Jake,
If those scuff marks haven't been made "all" the way around the bullet, and are only half way around or so, you're in trouble! That would mean it has an offset neck and/or leade (freebore). The leade is usually around .0005" over bullet diameter, which would be .3085" in your case. If the scuff marks are all the way around the bullet and not just the side we can see in the pic, the bullets are oversize. If you think the end of the chamber where the case mouth starts into the leade has a burr around it and is shaving copper, you can polish it up to make sure it isn't. This transition from the mouth to the leade is usually cut at a 45 degree angle, so it doesn't cause burrs anyway. Sierra bullets are sometimes oversize, my brother couldn't throat his 338/378wby because his 300gr SMK's were all .3388" in diameter. They had the reamer ground with a .3385" diameter leade, so they now had to polish the chambers leade up to .3388" just to handle that 500 lot of 300's he had. They only noticed the problem when attempting to throat the thing.
I can put those same marks on "one half" of a side in my 300 Ultra ammo if I chamber the rounds 180 degrees off from the position where they were originally fireformed in. This is because the neck in my chamber is eccentric, and it really sucks too!
If you were able to easily seat a bullet up to the lands to measure the OAL to land contact, I would assume the chamber is eccentric in either the neck or the leade area. First, I'd measure the RO (runout) on the case necks (fireformed ones) to see where you're at there. If they are .003-.006" eccentric, you could easily get scuff marks on one side of the bullet if they are chambered with the RO at 9 O'Clock when that case was originally fired with the RO in the 3 O'Clock position. The quick cure for this problem is to alway FL size the cases to reduce or elliminate RO, or mark and index your cases when firing them all the time. Mine happens to shoot much tighter groups by indexing and neck sizing so that's what I do... it's a pain in the *** though!
If you don't find marks on just one side, and they show up all the way around the bullet, I'd suggest calling Sierra and having a talk with them on getting some smaller bullets... FREE! Second, I'd call Mr. Romain and have him measure that reamer he uses in the leade area and segregate the bullets you have on hand so you end up with some to try that are .0001" under size, .0002" undersize and so on to find how much smaller the need to be to chamber easily. My guess is, they will work at .0000" or maybe even +.0001" larger than his reamer spec. A chamber caste will tell you exactly how big your leade diameter is too.

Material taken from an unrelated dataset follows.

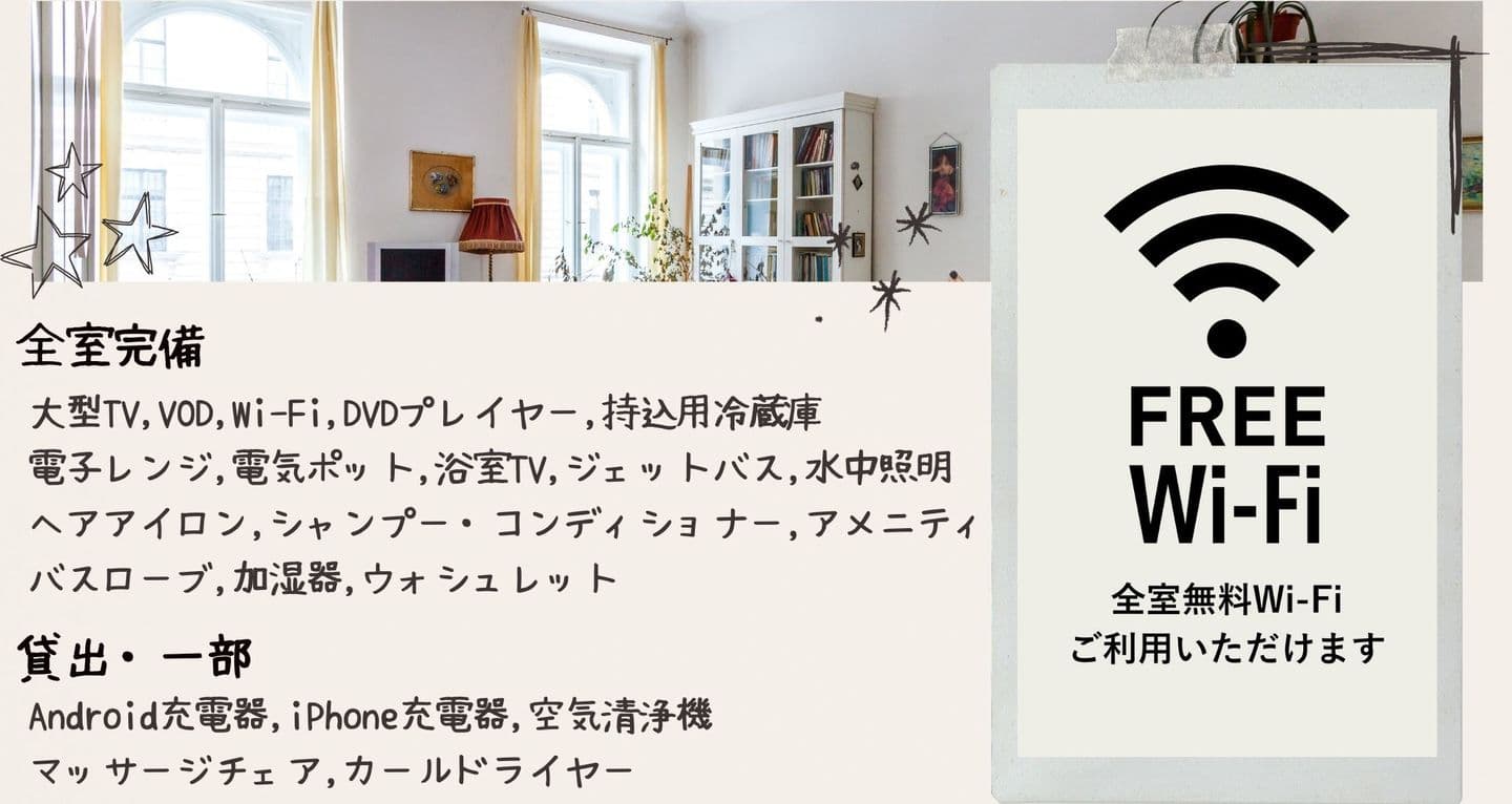 持込用冷蔵庫・電子レンジ・空気清浄機完備で長時間のご利用にも最適。202号室、203号室、301号室、303号室の4部屋は禁煙ルームです。同性同士のご利用もOKです。

I can tell by the pic that you are not into the lands at all, they leave distinct grooves in the bullet... not scuffs. By the marks toward the tip of the bullet, you may be pressing the lands, but not into them.

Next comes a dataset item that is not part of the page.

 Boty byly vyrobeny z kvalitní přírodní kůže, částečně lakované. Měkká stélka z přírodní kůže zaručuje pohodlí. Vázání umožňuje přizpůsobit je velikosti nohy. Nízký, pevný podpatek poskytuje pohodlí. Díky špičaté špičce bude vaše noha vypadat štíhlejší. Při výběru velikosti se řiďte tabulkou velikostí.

Besides, you'd never get them that far into the throat if you drove the bolt closed with a hammer... it would push the bullet into the case LONG before that point, you'd also leave the bullet in the barrel and powder in the mag when withdrawn too. I'd say yours and Chris's OAL measurements are right on the money!

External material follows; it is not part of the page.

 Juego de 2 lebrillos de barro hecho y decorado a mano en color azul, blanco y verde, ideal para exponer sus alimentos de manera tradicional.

The bullet is either not being allowed to align with the throats axis ( chamber and/or Leade eccentric), or it's too big to fit into the leade itself.
The helix marks at the rear just indicate the bullet rotated in the leade a little but, much less than the case head did on the boltface or the bullet inside the neck when camming and closing the bolt.
I'd worry little about the carbon on the neck, but it does look like it's up the length of the neck farther on the "top" of the pic than that of the "bottom." This could indicate better sealing on the lower side and thus and an offset neck to that side... that's a big maybe though.
I wouldn't let the carbon build up there or headspace can get tight. Clean em off each time and when they get sooted the whole length, I'd anneal them. You obviously sized the neck down to hold this bullet here, so maybe the neck already is hard enough it sooted up badly and was just cleaned up by the bushing passing over the neck.
I doubt Ray cut an eccentric neck or throat, unless he used a seperate neck and throat reamer and had a loose fitting pilot...
I'll bet your bullets are just tooooooo big.
Mic the bullets and the reamer and you'll clear that one up quick.
Good luck, and I hope that's all it is too. Believe me, you don't want nothin to do with an eccentric chamber!! Factory chambers suck hind tit!